The @ operator performs implicit mapping. Specifically: if the left-hand operand is a list L, then any lists contained in this list are expanded recursively. Any values in the expanded list that are not elements are ignored, so we end up with a list of elements; call this LL. The value of the expression L@name is then defined as LL!{$@name}. Note that the result may be a list of lists; it is not flattened.

Returning again to the purchase order example, this means that PO@items@partNum returns the list of strings ["872-AA", "926-AA"].

The postfix operator // represents the deepContent() function, which is the flattened transitive closure of the content() function. Specifically, if the result of content() is a list, then any element in that list has its own descendants inserted immediately after it. So the function descendants(E) can be defined as content(E)!{$ ~+ (if $.isA(<element>) then $.descendants() else [])}. So if E is an element, then E//?:status will select all descendant elements named status, and E//?[$@id=12] will select all descendant elements having the id attribute equal to 12.

The postfix operator @@ similarly gives the transitive closure of attributes().

As already mentioned, the function forEach and the equivalent operator ! are overloaded for elements to process all the attributes of an element (including the content). The second operand is a function which is called with two arguments, the attribute name and the attribute value. For example, given an element E the expression E!{$} returns the names of its attributes.
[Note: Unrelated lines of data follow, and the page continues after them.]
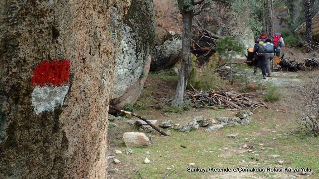 Yürüyüşe Sarıkaya Köyünden başladık. Ülkemizde bulunan diğer uzun yürüyüş rotaları gibi, uluslararası tarzda, kırmızı-beyaz renkleri içeren ve yolun takibini ve yönlendirmeyi sağlayan işaretleri takip ede ede yol aldık. İşaretlere dikkat etmeniz gerekiyor. Standartta işaretlemeler zorlu yollarda daha sık aralıklarla, kolay yollarda ise 200 metre aralıklarla yerleştiriliyormuş. İşaretler genelde taşlar, bazen de ağaçlar üzerinde bulunuyor.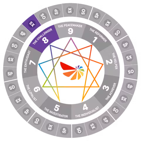Access your full Enneagram Matrix of possibilities - a rich tapestry of all nine types including wings, lines of development, Subtype resources and more - to craft new responses aligned with authentic living. Sexual Eight (SX8)s learn to channel their natural intensity into deep connection while maintaining their capacity for passionate care.
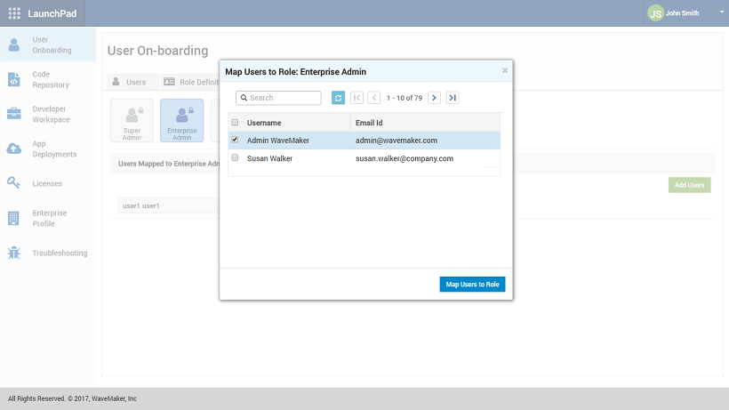 Role-based access control (RBAC) for Rapid, enables certain roles to access specific features of the product. WaveMaker Platform when setup within an enterprise is managed by 2 different types of roles: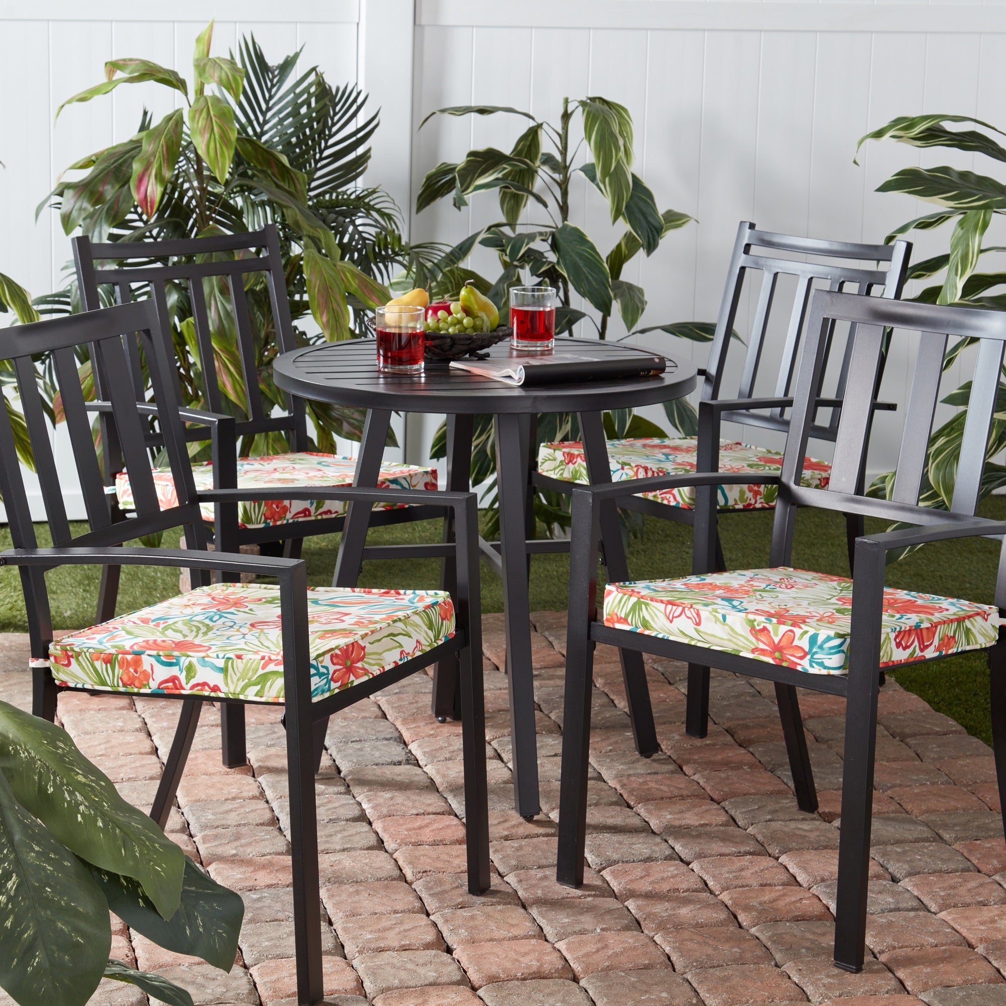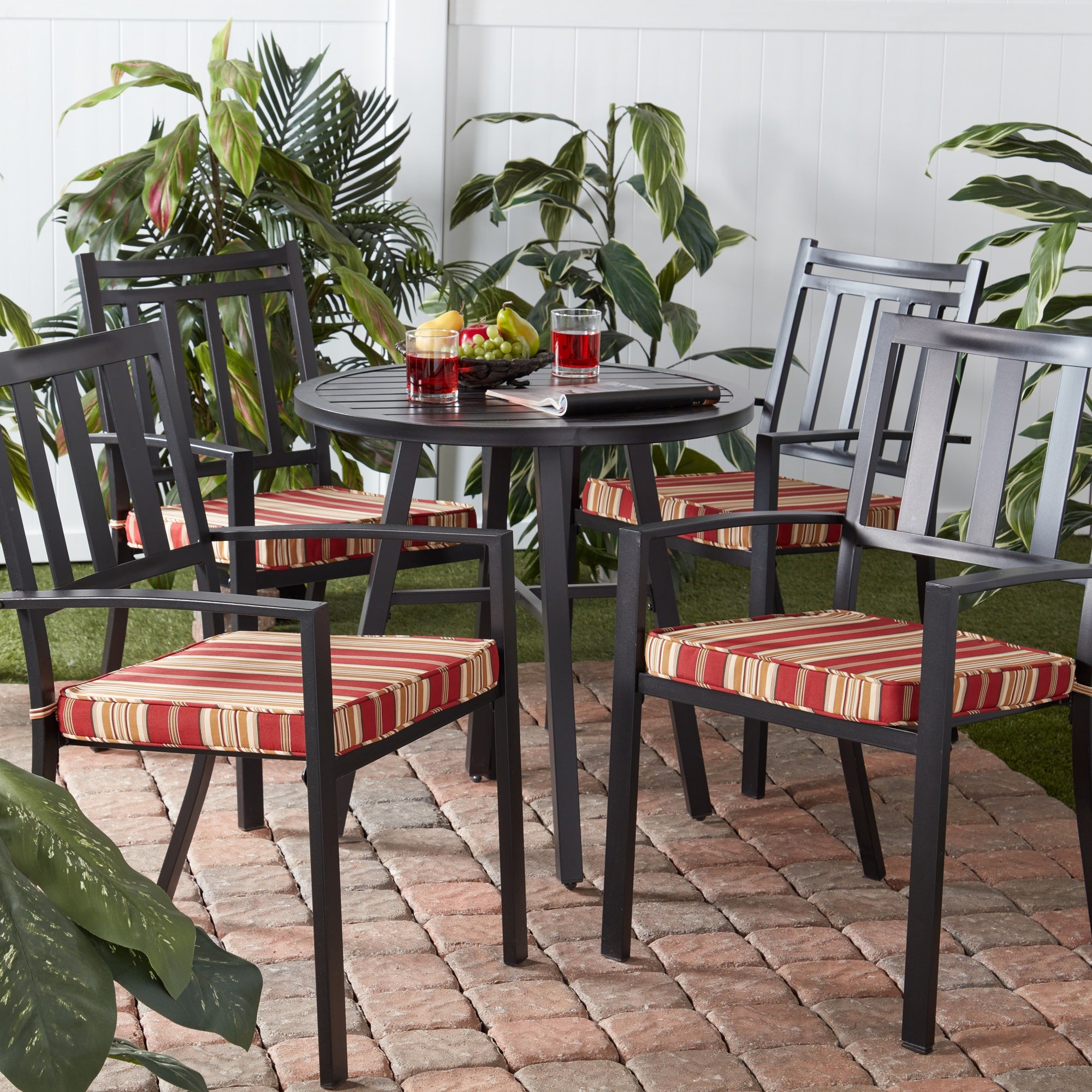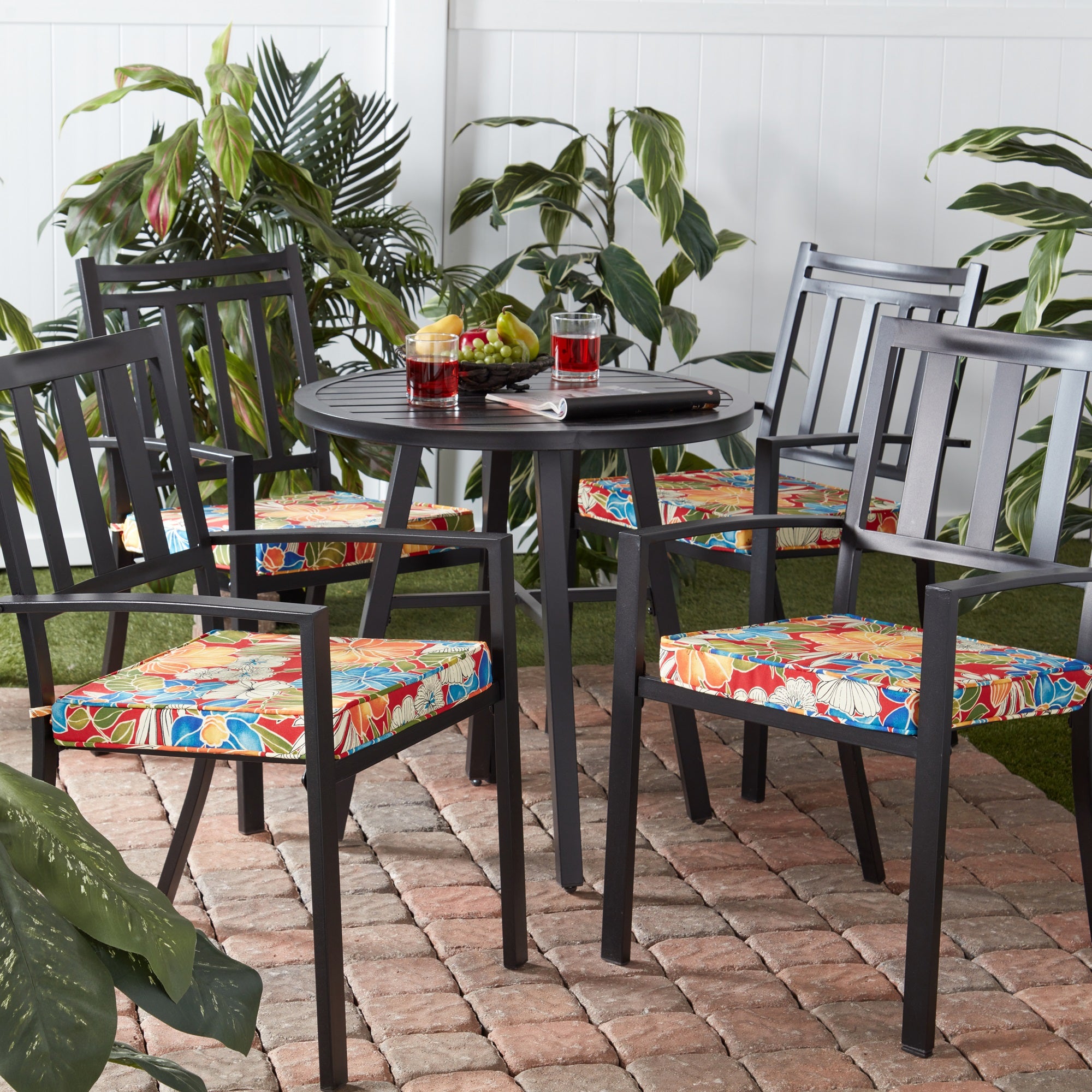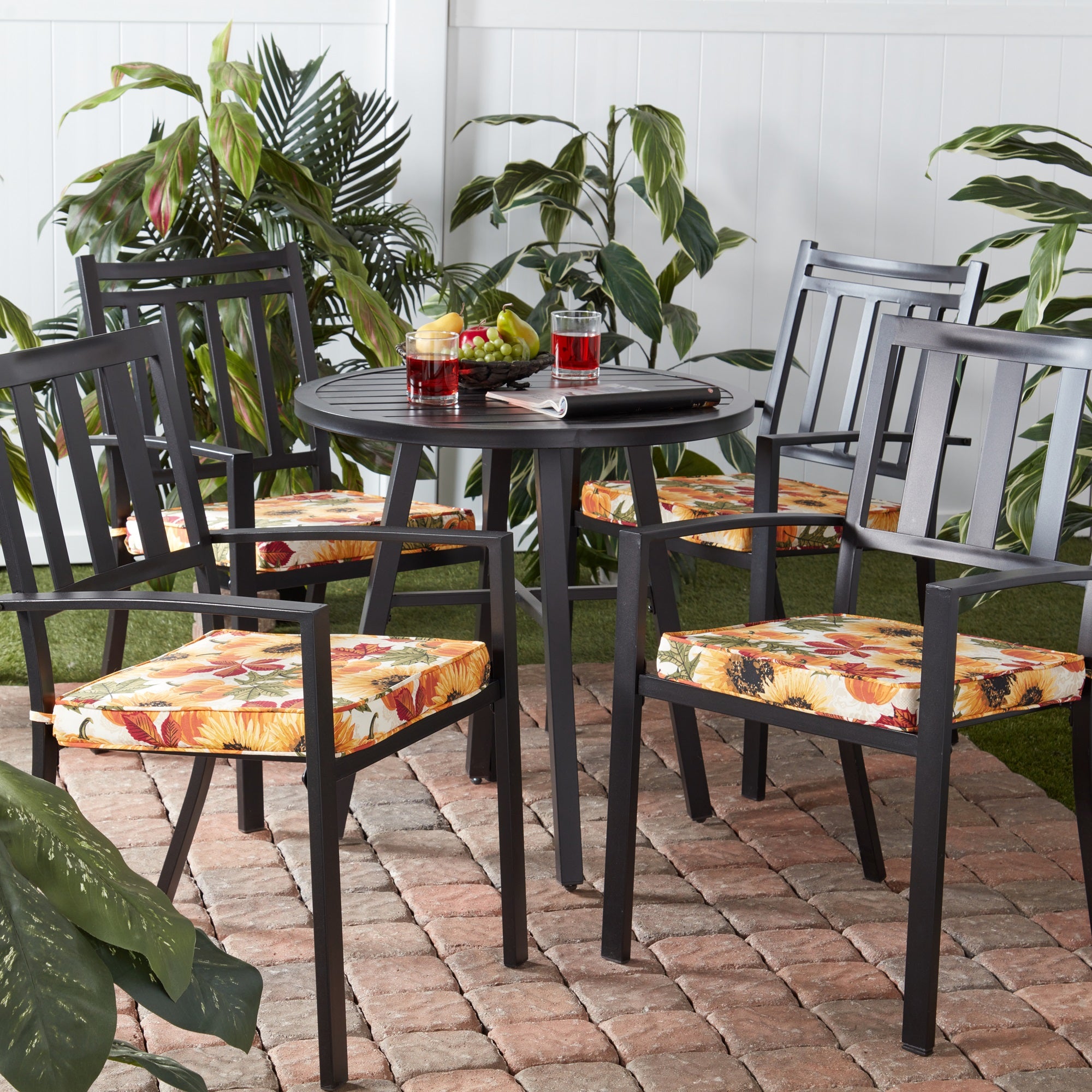 Add both comfort and style to your outdoor seating with this set of 4 square chair pads. A dense fiberfill insert gives this cushion a smooth finish, and eliminates any shifting for a more consistent comfort. The durable outdoor polyester fabric resists fading, repels water, stains and spills, and is available in a wide variety of colors and patterns. Use with other listed cushions and pillows for a coordinated look. To prolong the life of our cushions and keep them looking beautiful, we recommend storing them indoors or covered when not in use.

Similarly the function select and the equivalent operator ? are overloaded to process all the attributes, and return an element in which only a subset of the original attributes are present.

The function element(name) constructs an element with a given name (which may be null). It can also be called with two arguments: element(name, attributes). The second argument is a list of attributes, each attribute being represented by a two-member list containing the name and the value.

The function add(element, name, value) takes an existing element, and adds an attribute with the given name and value, replacing any existing attribute with the same value. A new element is returned. Calls to this function can conveniently be chained: element("rect").add("id", "a001").add("color", "black").

For convenience, the function addContent is defined as add(?, "", ?).

So, for example, we can convert attributes to a list of child elements like this:

let elementsToAttributes = {
    let E = $.asElement();
    element(E.name()).setContent(E!{element($1).setContent($2)})    
 }

The semantics of these constructions in FtanSkrit are different from the corresponding operations in XPath, but hopefully they will have a familiar feel.

Future Features

FtanML as presented in this paper packs a large amount of functionality into a small language. It doesn't offer everything that anyone might ask for, and nor should it: keeping it small is important. Nevertheless, there are things one might want to add, and which have not been ruled out.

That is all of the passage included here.